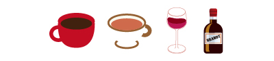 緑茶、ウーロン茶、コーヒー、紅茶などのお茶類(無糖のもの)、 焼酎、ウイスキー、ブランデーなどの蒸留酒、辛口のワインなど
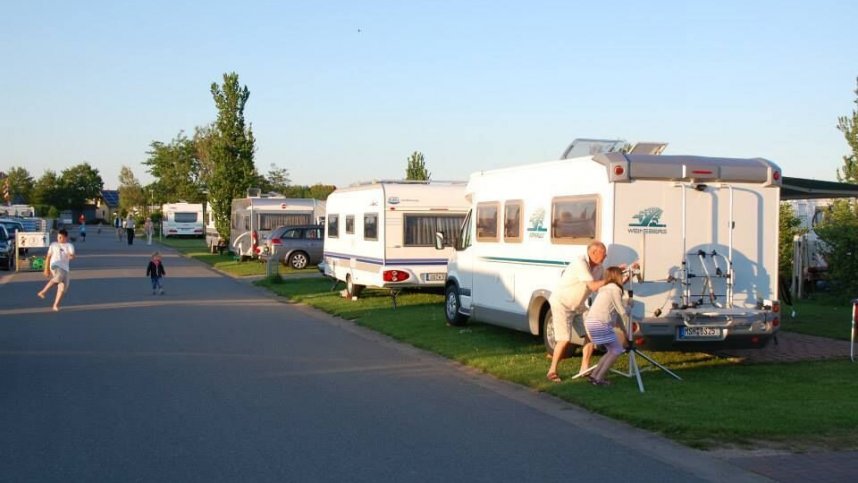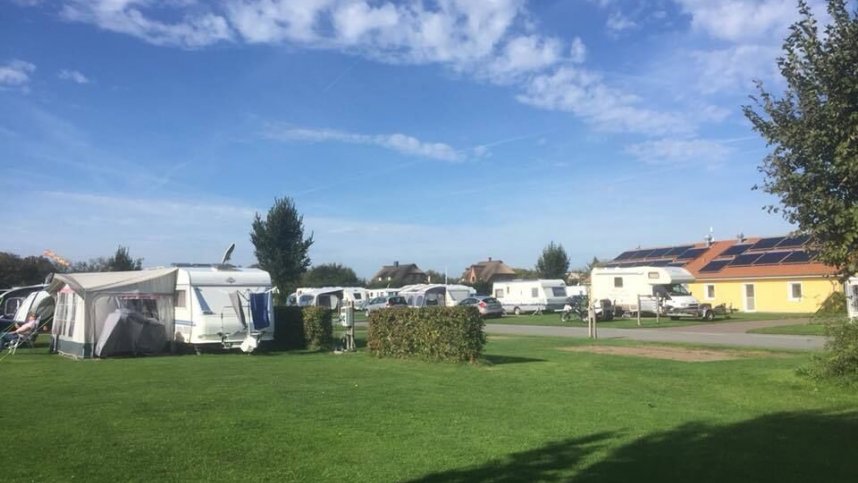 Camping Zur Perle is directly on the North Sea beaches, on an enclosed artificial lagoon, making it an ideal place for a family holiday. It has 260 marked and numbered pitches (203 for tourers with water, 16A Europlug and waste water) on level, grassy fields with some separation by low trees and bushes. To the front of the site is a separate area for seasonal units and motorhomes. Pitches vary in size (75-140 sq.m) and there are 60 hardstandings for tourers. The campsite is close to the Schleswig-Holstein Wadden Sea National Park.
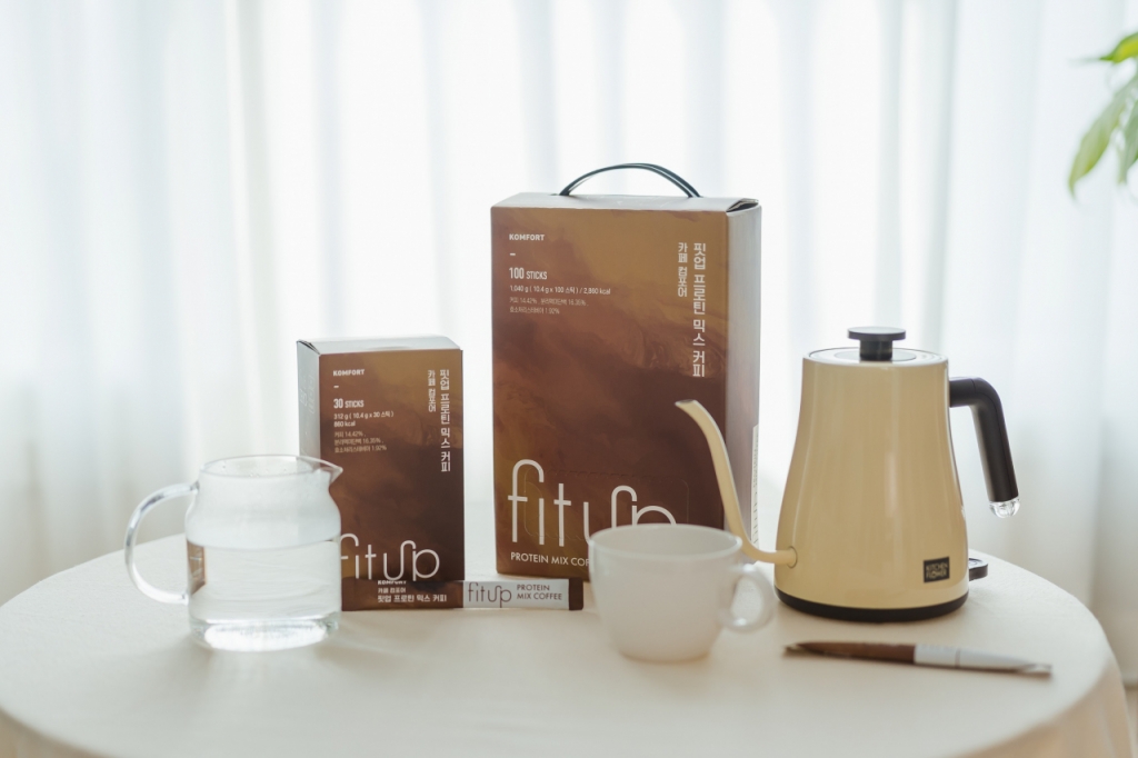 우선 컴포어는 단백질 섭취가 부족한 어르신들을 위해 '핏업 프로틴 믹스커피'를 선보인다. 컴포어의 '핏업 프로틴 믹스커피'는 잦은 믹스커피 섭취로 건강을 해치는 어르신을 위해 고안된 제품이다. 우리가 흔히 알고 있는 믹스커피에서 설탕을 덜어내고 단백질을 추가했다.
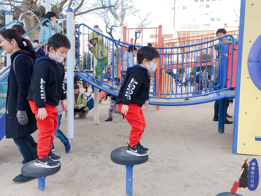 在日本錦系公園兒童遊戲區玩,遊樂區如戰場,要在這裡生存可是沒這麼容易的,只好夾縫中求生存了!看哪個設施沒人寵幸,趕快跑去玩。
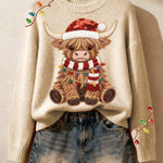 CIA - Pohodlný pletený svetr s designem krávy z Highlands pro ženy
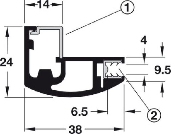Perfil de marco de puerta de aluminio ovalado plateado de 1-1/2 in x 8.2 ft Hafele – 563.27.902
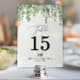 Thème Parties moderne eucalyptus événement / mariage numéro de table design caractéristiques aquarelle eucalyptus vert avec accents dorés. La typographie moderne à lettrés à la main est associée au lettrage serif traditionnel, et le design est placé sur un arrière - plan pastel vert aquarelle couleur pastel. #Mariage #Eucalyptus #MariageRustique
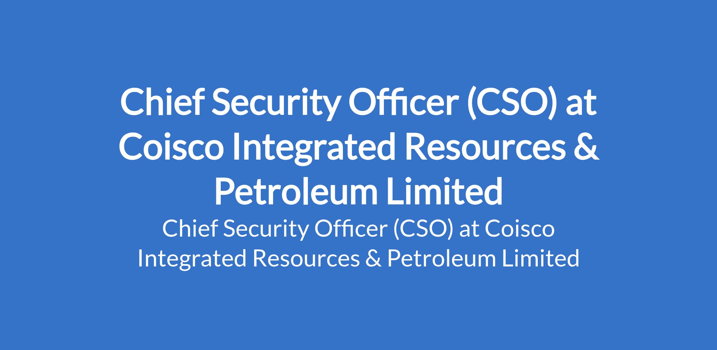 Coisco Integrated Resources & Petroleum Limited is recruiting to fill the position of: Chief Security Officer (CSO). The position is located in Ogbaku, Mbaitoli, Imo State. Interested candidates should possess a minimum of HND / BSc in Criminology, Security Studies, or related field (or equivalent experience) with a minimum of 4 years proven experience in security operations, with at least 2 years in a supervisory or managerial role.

● ● ●

→ **Task description**
Should a record include a picture, drop the picture and write out the remainder exactly.

→ **Output of the exercise**
 緑茶、ウーロン茶、コーヒー、紅茶などのお茶類(無糖のもの)、 焼酎、ウイスキー、ブランデーなどの蒸留酒、辛口のワインなど
 Camping Zur Perle is directly on the North Sea beaches, on an enclosed artificial lagoon, making it an ideal place for a family holiday. It has 260 marked and numbered pitches (203 for tourers with water, 16A Europlug and waste water) on level, grassy fields with some separation by low trees and bushes. To the front of the site is a separate area for seasonal units and motorhomes. Pitches vary in size (75-140 sq.m) and there are 60 hardstandings for tourers. The campsite is close to the Schleswig-Holstein Wadden Sea National Park.
 우선 컴포어는 단백질 섭취가 부족한 어르신들을 위해 '핏업 프로틴 믹스커피'를 선보인다. 컴포어의 '핏업 프로틴 믹스커피'는 잦은 믹스커피 섭취로 건강을 해치는 어르신을 위해 고안된 제품이다. 우리가 흔히 알고 있는 믹스커피에서 설탕을 덜어내고 단백질을 추가했다.
 在日本錦系公園兒童遊戲區玩,遊樂區如戰場,要在這裡生存可是沒這麼容易的,只好夾縫中求生存了!看哪個設施沒人寵幸,趕快跑去玩。
 CIA - Pohodlný pletený svetr s designem krávy z Highlands pro ženy
Perfil de marco de puerta de aluminio ovalado plateado de 1-1/2 in x 8.2 ft Hafele – 563.27.902
 Thème Parties moderne eucalyptus événement / mariage numéro de table design caractéristiques aquarelle eucalyptus vert avec accents dorés. La typographie moderne à lettrés à la main est associée au lettrage serif traditionnel, et le design est placé sur un arrière - plan pastel vert aquarelle couleur pastel. #Mariage #Eucalyptus #MariageRustique
 Coisco Integrated Resources & Petroleum Limited is recruiting to fill the position of: Chief Security Officer (CSO). The position is located in Ogbaku, Mbaitoli, Imo State. Interested candidates should possess a minimum of HND / BSc in Criminology, Security Studies, or related field (or equivalent experience) with a minimum of 4 years proven experience in security operations, with at least 2 years in a supervisory or managerial role.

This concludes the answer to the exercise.